Hillary Clinton leads Romney by five in a head-to-head match-up, but her lead grows to fourteen points with Bloomberg and Paul in the mix—Clinton 46% Romney 32% Bloomberg 7% Paul 7%.
In a McCain-Obama poll, the Democrat leads by five. That grows to seven points with the third party options—Obama 40% McCain 33% Paul 11% Bloomberg 5%.
The pair of third party candidates attract from 13% to 17% of Republicans in each match-up. They earn only 5% to 10% of the Democratic vote.
This is, of course, merely a snapshot in time and doesn’t necessarily reflect how things will pan out in November.

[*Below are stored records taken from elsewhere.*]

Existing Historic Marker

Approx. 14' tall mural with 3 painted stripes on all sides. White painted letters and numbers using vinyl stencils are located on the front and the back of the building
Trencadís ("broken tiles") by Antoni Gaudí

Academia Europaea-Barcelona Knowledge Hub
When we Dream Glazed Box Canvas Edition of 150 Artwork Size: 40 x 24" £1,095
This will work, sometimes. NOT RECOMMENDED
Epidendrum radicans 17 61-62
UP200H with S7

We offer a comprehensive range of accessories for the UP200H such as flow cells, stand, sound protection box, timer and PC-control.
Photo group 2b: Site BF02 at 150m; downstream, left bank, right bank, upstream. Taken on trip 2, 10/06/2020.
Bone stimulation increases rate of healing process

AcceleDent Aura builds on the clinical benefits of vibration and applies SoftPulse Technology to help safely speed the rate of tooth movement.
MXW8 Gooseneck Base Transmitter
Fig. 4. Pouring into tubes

If Bloomberg does get into the race — by no means a given at this point — he is likely to do a lot better than he’s polling right now largely because he has the financial means to get his message, whatever it is, out to the public. That is going to pay off with increased support.
With Ron Paul, on the other hand, I think the numbers he’s polling here actually over state what he’d get in a General Election campaign. I get the sense that Ron Paul’s campaign peaked with the December money bombs. Except for finishing a distant second in Nevada, he hasn’t done better than fourth place in any contest yet and actually did worse in Florida than he’s done anywhere else. Oh, his core supporters will follow him to the gates of hell if necessary, but they aren’t going to be enough to get him more than maybe 3 or 4 percent of the vote in a heavily contested nationwide election with high turnout, which is what I expect we’ll see in November.

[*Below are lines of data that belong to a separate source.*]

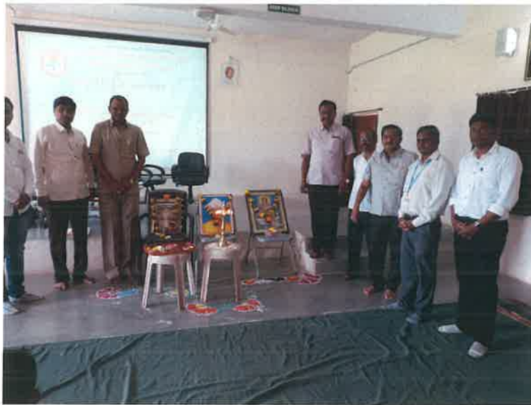
Teachers' Day Celebration
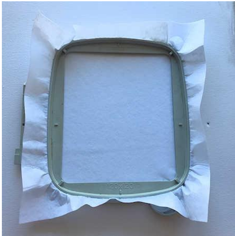
Hoop Cut away Stabiliser
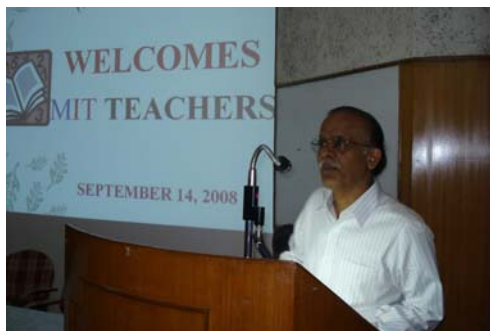
Our teachers introduced - 14th September
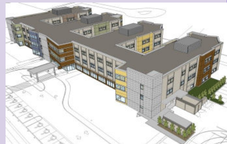
2013 Providence Care Centre Calgary, AB

Mother Emilie Gamelin, foundress of the Sisters of Providence, understood what it was like to be needy and suffering; she lost both parents when she was very young and had to rely on the charity of relatives for her care and education. After the loss of her husband and three young children, she organized with a group of women and devoted her life to service and caring for the needy.
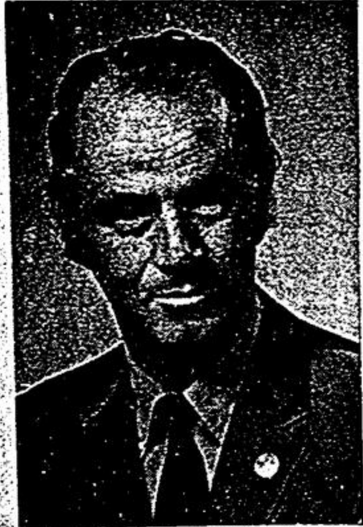
FOR "PEOPLE SERVICES"

'Look Back In Anger'. But, no drama group worth its grease paint should be censored by public tastes. It must plumb its own depths. This time, The Players' floundered a little. Let's establish it was worth the experiment. With 'Look Back' the club took a step forward.
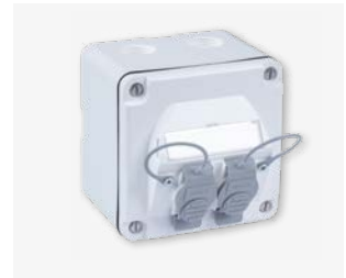
AP DA-Outlet IP67
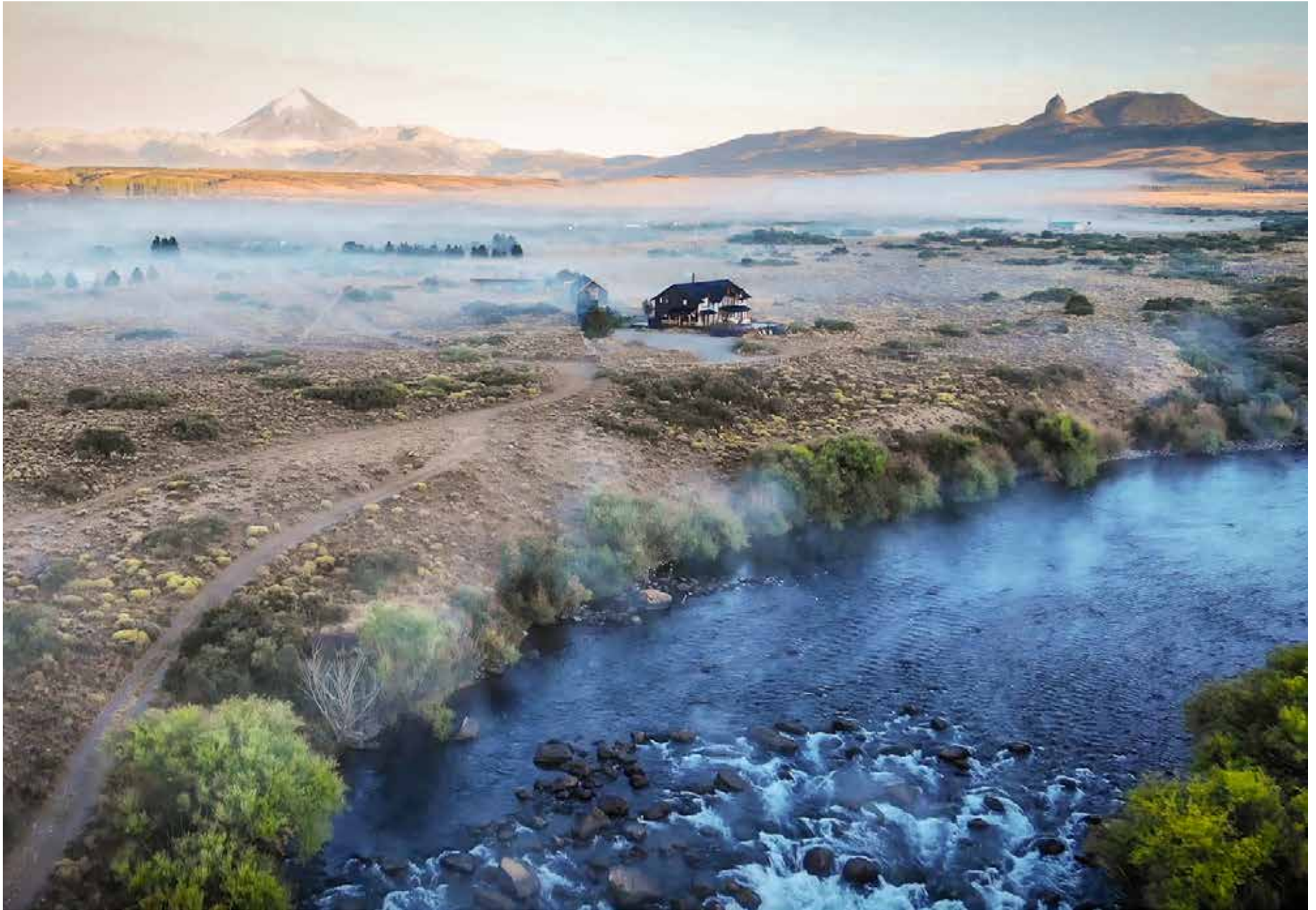
Nestled on the shores of the idyllic Chimehuin River, Chime Lodge's location makes it a strategic hub for traveling anglers from around the world.

Of the two, the Republicans need to worry about Bloomberg far more than Paul at this point. Paul’s supporters aren’t going to vote for McCain anyway, so the fact that they might vote for Paul if he runs as an independent isn’t going to change things significantly. Bloomberg, on the other hand, has the potential to pull away large numbers of moderate independents that might otherwise vote for McCain.